Those walking around Indiana University’s Bloomington campus will likely be impressed by the reality of one of America’s oldest, largest and most diverse state colleges. That said, inside the university’s glass-covered Cyber Infrastructure Building, students and teachers are exploring a different reality – the virtual and augmented kind.
IU’s state of the art Advanced Visualization Lab is tasked with exploring the cutting edge of virtual reality. In the lab a researcher, professor or student don the familiar VR headset to explore a hyper real world that exists only inside a computer. The immersive experience lets engineers peer inside complicated machinery before it is ever built as easily as surgeons can work with human organs without a drop of blood being spilt.
That doesn’t mean that VR has to be a one-off experience. Others in the lab can see and contribute to the effort because the lab has a large wall mounted monitor that shows what the VR investigator sees. You view the dual overlapping images that create the illusion of depth to the user when viewed with the googles.
Other schools are going beyond this to use projectors to interact with and share augmented and virtual reality worlds. With technical help from Virtalis, the University of Liverpool has built its Virtual Engineering Centre (VEC). Its focal point is a room that lets users interact with VR landscapes as if they were using an interactive projector.

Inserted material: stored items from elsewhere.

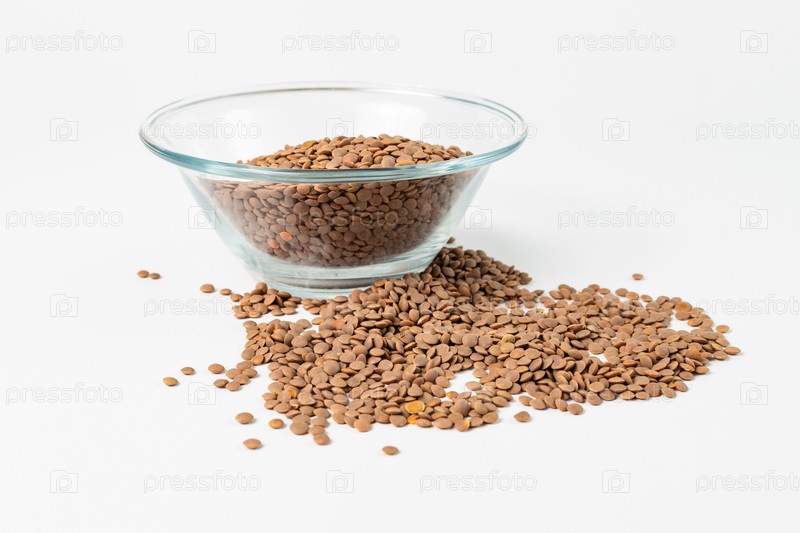 Чечевица находится в стеклянной миске и разбросана бок о бок на белом фоне
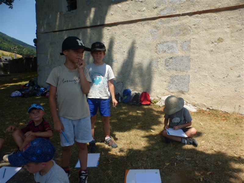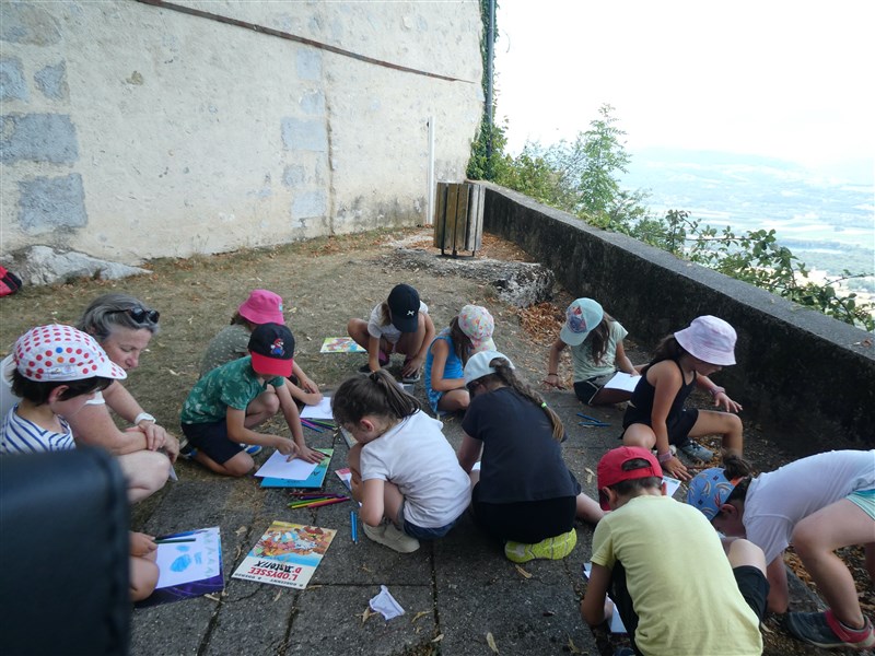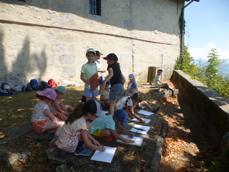 Après, on a fait 2 groupes. Un groupe dessinait le paysage avec la vue sur Pontcharra, la carrière, les lacs des Lônes et Belledonne.
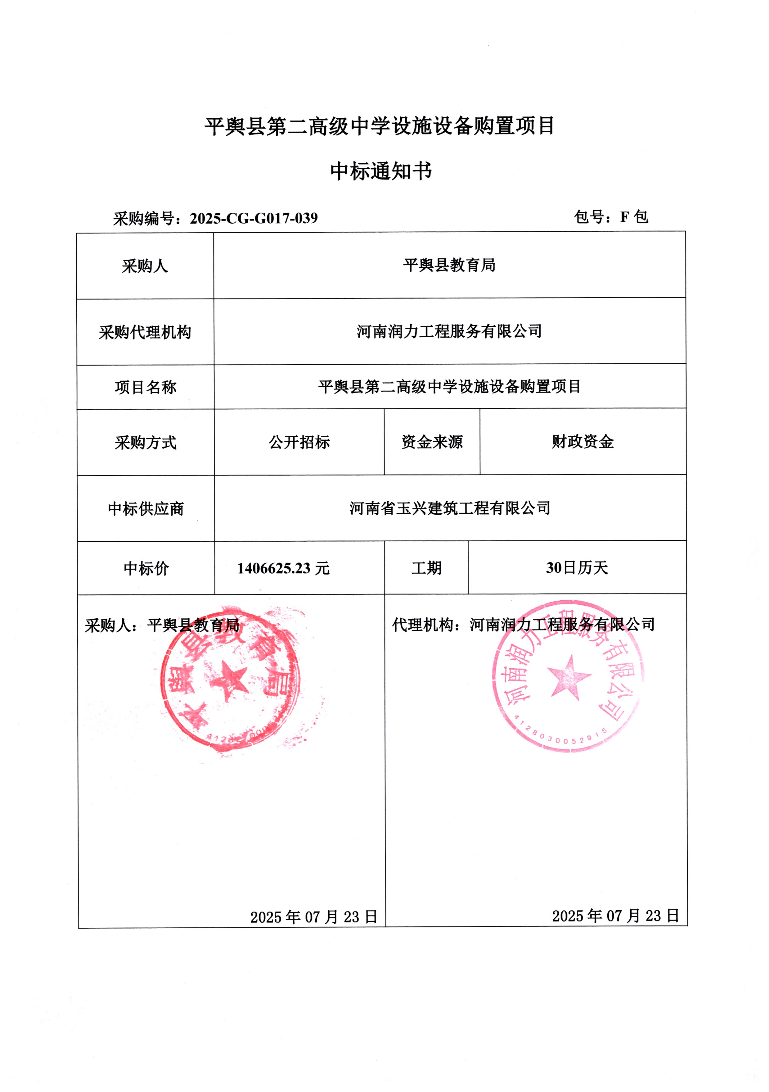 | 二、合同名称:平舆县第二高级中学设施设备购置项目*包 | ||||||||||||
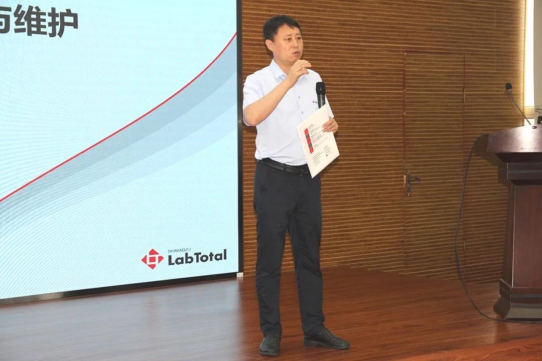 在技术交流会上,梁争胜经理向客户详细介绍了岛津LabTotal事业部的售后服务体系。首先梁经理回顾了岛津公司的发展历史和经营理念,让客户对岛津公司有了更全面的了解。随后,详细介绍了LabTotal事业部的售后业务内容,包括5S售后体系、实验室整体解决方案、签约保修服务、定期维护保养、综合应用支持以及专业教育培训等多元化服务内容,使客户深刻认识到岛津售后不仅涵盖传统的安装调试和维修,更能够提供全方位的增值服务。

It’s all built around a Christie Boxer 4K projector that runs at 120 hertz that allows it to project two alternating visual fields that VR relies on to create the illusion of depth. The school’s ActiveWall space provides nearly 115 square feet of area to work with the VR stream.
The key to making it all work is Advanced Realtime Tracking’s ART 6DoF tracking system. Rather than full-cover VR goggles, VEC uses special glasses with multiple antennas that provide the computer with placement data so the image is perfect as users move around the VR space. They also wear fingertip covers that let the user interact with the ethereal projected items on screen as if they were using a huge touch-screen tablet.
In the VR room, engineers can visually prototype parts without the hassles and expense of making real-world objects. The possibilities are endless, from sticking their heads inside a jet engine to see how the pieces interact with nearby items to trying out a new automotive dashboard design without ever setting foot into a car or simulating a building’s interior without having to build the structure.
Probably the biggest use is to try out what if scenarios that would be too expensive or dangerous to try out in the real world. For instance, they can simulate the heat flow during an emergency at a nuclear power plant without endangering themselves or the public.
The center has even created a virtual heart that only beats inside a VR computer. It lets the researchers handle, rotate and manipulate the organ as if it were the real thing – all without endangering a patient.